Sebenarnya, ada banyak festival musik Indonesia yang sudah menerapkan manajemen keselamatan kerumunan tersebut. Sebut saja Synchronize Fest. Festival musik multigenre tahunan berskala nasional itu selalu ramai pengunjung. Namun, nyaris tidak pernah ada keluhan tentang kenyamanan.
Nuran menyatakan bahwa penyelenggara Synchronize Fest taat SOP. Dari tahun ke tahun, penyelenggara selalu menyediakan peta berisi petunjuk jalur evakuasi hingga lokasi toilet kepada para penonton. Peta itu menjadi panduan penting bagi tiap pengunjung.
Dalam konteks manajemen keselamatan kerumunan, Nuran menyatakan bahwa sebenarnya Kementerian Pariwisata dan Ekonomi Kreatif (Kemenparekraf) pernah membuat semacam panduan pelaksanaan event. Panduan itu dirilis pada 2020. Menurut dia, panduan tersebut cukup komprehensif. Di sana, ada banyak hal yang berkaitan dengan manajemen keselamatan kerumunan.
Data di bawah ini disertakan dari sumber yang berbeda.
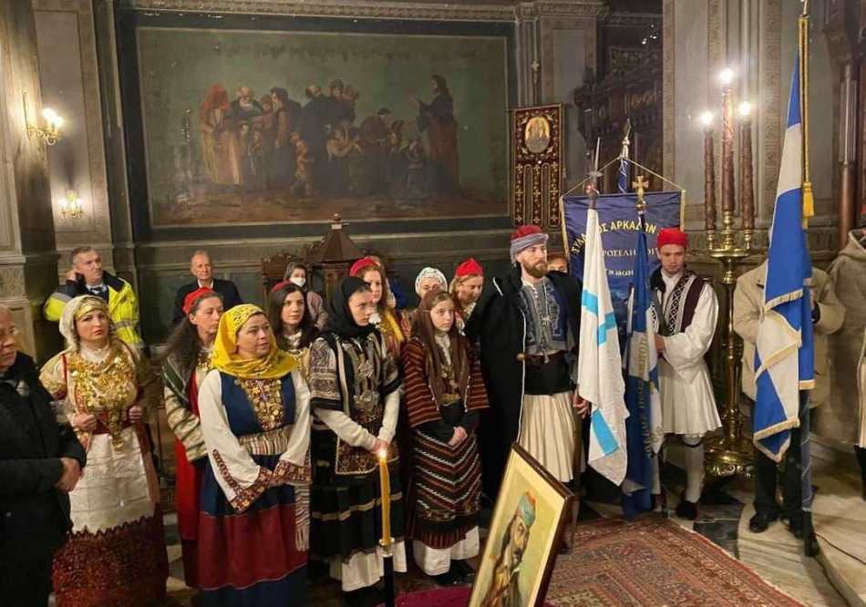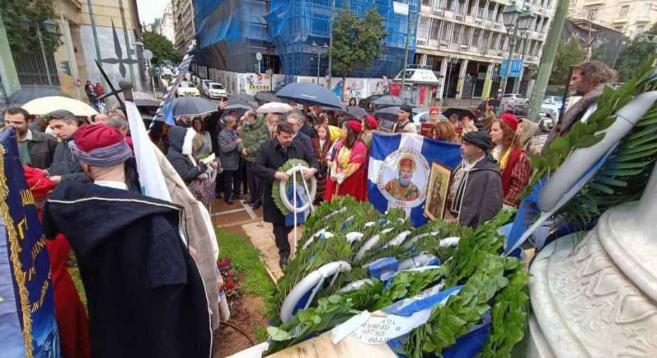Στη συνέχεια όλοι εν πομπή με τη συνοδεία παραδοσιακών οργάνων κατευθύνθηκαν στον παρακείμενο ανδριάντα του Γέρου του Μοριά, προ της Παλαιάς Βουλής, όπου εψάλη επιμνημόσυνη δέηση. Ακολούθησε κατάθεση στεφάνων από τις Περιφέρειες Αττικής και Πελοποννήσου, τους Δήμους Αθηναίων και Γορτυνίας, καθώς και δεκάδες φορείς και Συλλόγους.
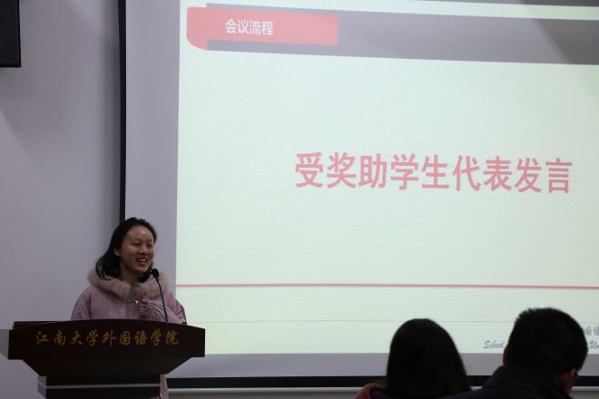 本次頒獎(jiǎng)儀式共頒發(fā)“愛(ài)菲斯獎(jiǎng)助學(xué)金”、“安達(dá)助學(xué)金”以及“社會(huì)愛(ài)心人士助學(xué)金”三項(xiàng)。首先學(xué)院黨委副書(shū)記劉伯賢進(jìn)行致辭。劉書(shū)記向在場(chǎng)的各位嘉賓表示熱烈的歡迎,向企業(yè)及愛(ài)心人士對(duì)外國(guó)語(yǔ)學(xué)院教育事業(yè)的關(guān)心和支持表示衷心的感謝。劉書(shū)記說(shuō):社會(huì)獎(jiǎng)助學(xué)金充分展現(xiàn)了企業(yè)的社會(huì)責(zé)任感,此次資助對(duì)受助學(xué)生來(lái)說(shuō)不僅是經(jīng)濟(jì)上幫助,更是精神上的激勵(lì)。江蘇艾菲斯醫(yī)院管理有限公司代表陸偉棟表示:艾菲斯醫(yī)院管理有限公司熱心公益,在外國(guó)語(yǔ)學(xué)院設(shè)立獎(jiǎng)助學(xué)金也是公司承擔(dān)社會(huì)責(zé)任的體現(xiàn),公司愿盡自己一份力幫助困難學(xué)生完成學(xué)業(yè)。安達(dá)汽車(chē)綜合性能檢測(cè)有限公司代表陳志剛說(shuō):“安達(dá)助學(xué)金”既是一種幫助,也是一種鼓勵(lì),希望受資助的外院學(xué)子努力學(xué)習(xí),將來(lái)也能盡己所能回饋社會(huì)。

Salah satu muatan penting dalam panduan itu adalah flow management atau manajemen rute. Artinya, penyelenggara kegiatan harus membuat akses atau rute jalan yang dengan gamblang menunjukkan rute masuk dan rute keluar bagi penonton. Di situ, juga dicantumkan rute masuk dan keluar untuk panitia penyelenggara, vendor, tenant, dan pengisi acara. Rute itu disarankan bersifat satu arah untuk menghindari persinggungan antar pengunjung.
Sementara itu, Ketua Umum Asosiasi Promotor Musik Indonesia (APMI) Dino Hamid berharap tidak ada efek domino dari kisruh festival musik Berdendang Bergoyang. Terutama adalah pembatalan event-event besar yang sudah direncanakan jauh-jauh hari dan dijadwalkan pada akhir tahun ini atau awal tahun depan.
APMI juga meminta publik bisa melihat fenomena penyelenggaraan konser dan festival musik itu secara jernih dan objektif. Sebab, banyak konser dan festival musik yang berjalan dengan lancar, rapi, dan tertib tahun ini. Selain Synchronize Fest, ada Mandalika Music Vibes, Java Jazz Festival, Hammersonic, Prambanan Jazz, hingga Djakarta Warehouse Project.
Itu menjadi bukti bahwa penyelenggara dan promotor yang tertib mampu menyajikan festival yang baik. Itu juga bisa menjadi promosi yang positif. ’’Itu memberikan para penonton suatu pengalaman yang membahagiakan,” kata Dino dalam konferensi pers di kawasan Blok M, Jakarta Selatan, pada Kamis (3/11).
APMI menyebutkan, belakangan para promotor musik sangat bahagia karena bisa kembali aktif menyelenggarakan event. Para vendor pun tidak kalah girang karena peralatan dan perlengkapan yang hampir dua tahun nganggur akhirnya bisa keluar dari gudang. Para musisi pun demikian. Mereka bisa kembali tampil menghibur penonton secara langsung.
Bangkitnya industri kreatif tersebut tentu memberikan dampak positif bagi industri lain. Sebagaimana industri perhotelan, transportasi, serta makanan dan minuman. Karena itu, APMI berpesan supaya pihak-pihak berwenang tidak mengambil keputusan sepihak yang bisa justru membuat macet perputaran roda ekonomi. Jangan sampai konser dan festival musik yang sedang menggeliat itu mati suri lagi.